L’un des grands atouts de ce dispositif de médiation et de consultation ad hoc – possible exclusivement dans le cadre d’une exposition éphémère comme celle-ci et avec une circulation du public très contrôlée – est qu’il permet de contourner efficacement l’un des principaux obstacles inhérents à l’exposition du livre : l’impossibilité de montrer l’intégralité du livre et la nécessité de devoir se limiter à la présentation d’une seule et unique double-page. Le dispositif expositif mis en œuvre par la KBR parvient parfaitement à respecter et à préserver la fragilité des pièces présentées tout en restituant aux livres leur dimension vivante et dynamique d’objets matériels faits pour être touchés et feuilletés. Bien que cadré et médié, le contact est bel et bien là restituant ainsi au livre son statut d’objet à lire, à explorer, à questionner, bien plus qu’à simplement admirer.

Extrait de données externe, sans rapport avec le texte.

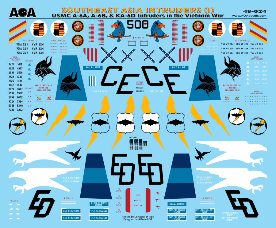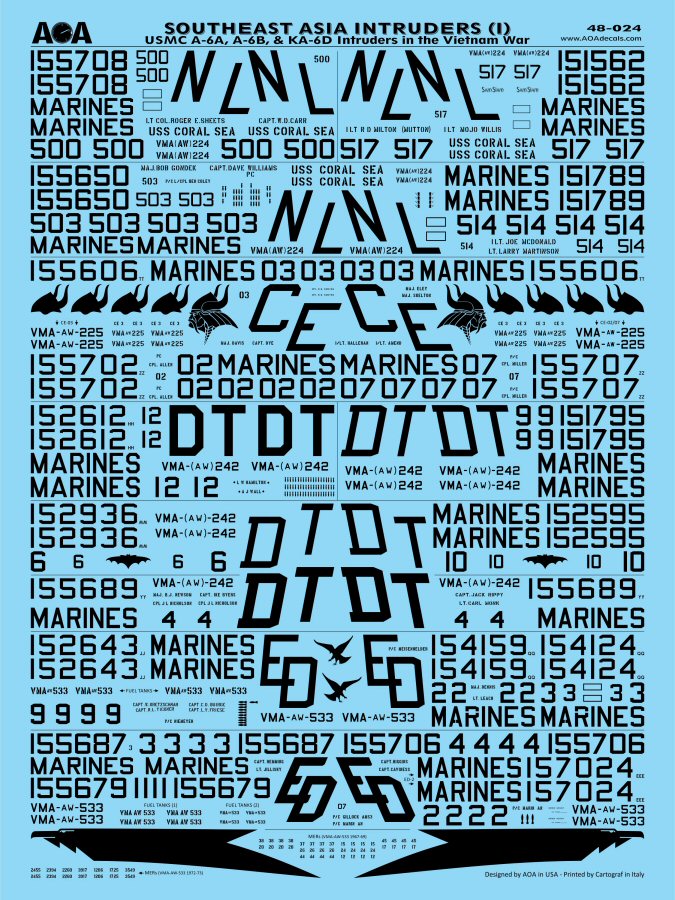 AOA Decals - 1/48 Southeast Asia Grumman Intruders 1 Usmc A-6A, A-6B, & KA-6D Intruders in the Vietnam War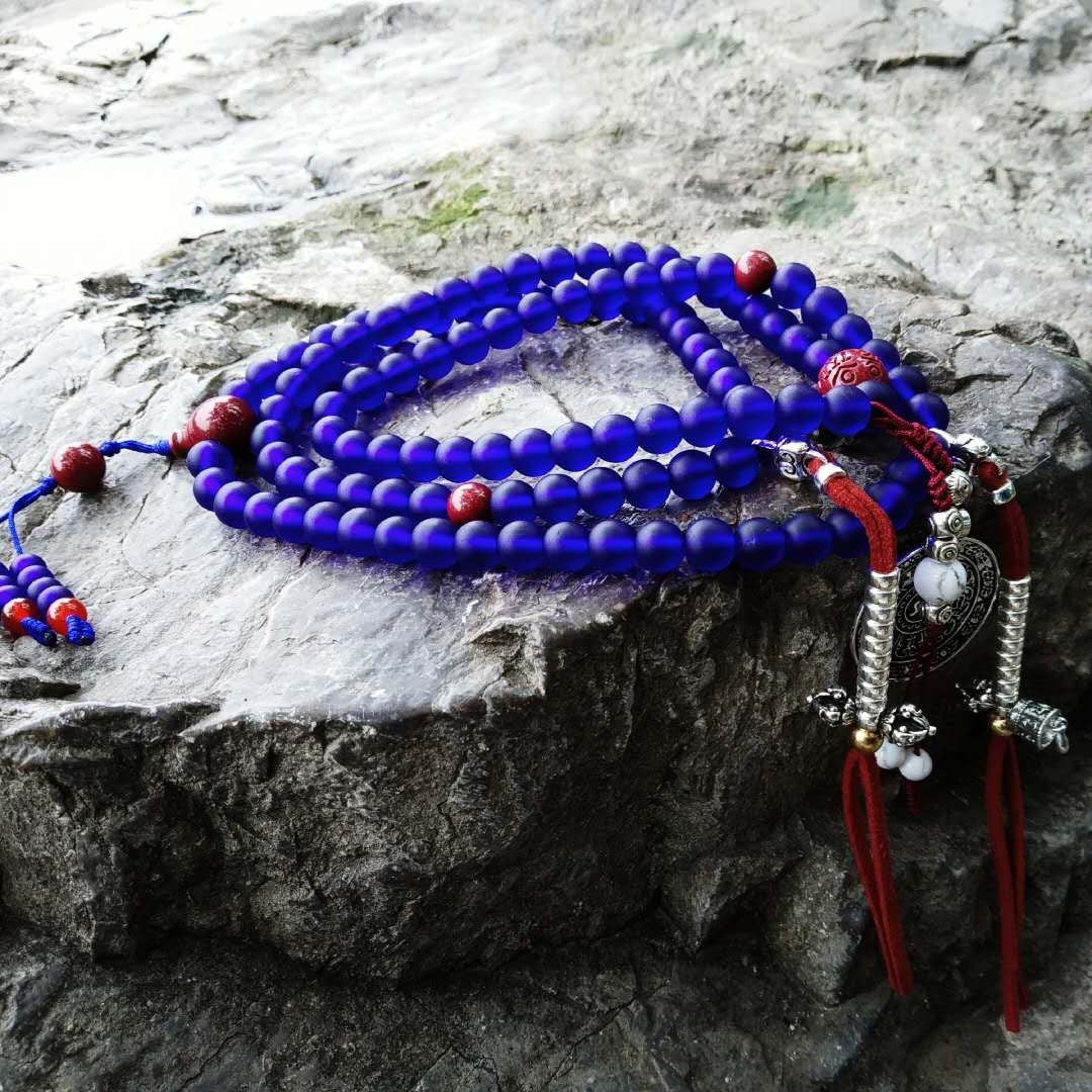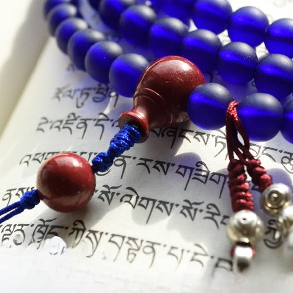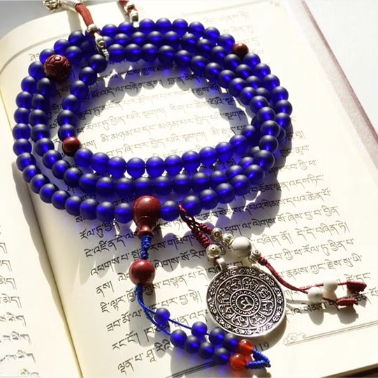Zen Healing 108 Mala Beads Nepalese Blue Liuli Glass Bead Calm Bracelet

Du public spécialisé des étudiants et des universitaires aux amateurs de littérature, tous ont trouvé dans cette proposition une invitation à (re)lire La Divina Commedia et à (re)découvrir Dante sous un jour nouveau. Cette exposition, bien que très courte, a été à notre avis une réussite incontestable. Ce qui fait la singularité de cette initiative, c’est à notre avis surtout sa capacité à dépasser les limites traditionnellement imposées à l’exposition du livre. Grâce à un double dispositif — les feuilles interchangeables dans la première salle et la médiation ad hoc dans la seconde — la KBR a su efficacement restituer aux livres leur dimension matérielle d’objets non seulement concrets mais aussi riches et complexes. L’initiative a été un succès tant par sa capacité à transmettre toute la complexité des livres en tant qu’objets matériels que par la qualité de la médiation proposée. En combinant érudition et sensibilité, cette exhibition a su transformer la consultation de textes anciens en une expérience immersive, vivante et partagé, permettant à chacun.e de se familiariser de manière interactive avec l’histoire du poète florentin et de ses œuvres.

Un pari ambitieux pour un événement d’une si courte durée, mais un pari parfaitement relevé.

 

Chiara Zampieri

(KU Leuven / Vrije Universiteit Brussel)


Pour citer cet article:

Chiara Zampieri, « Dante à la Bibliothèque Royale de Belgique. Un voyage dans la Divina Commedia », dans L'Exporateur. Carnet de visites, Mar 2025.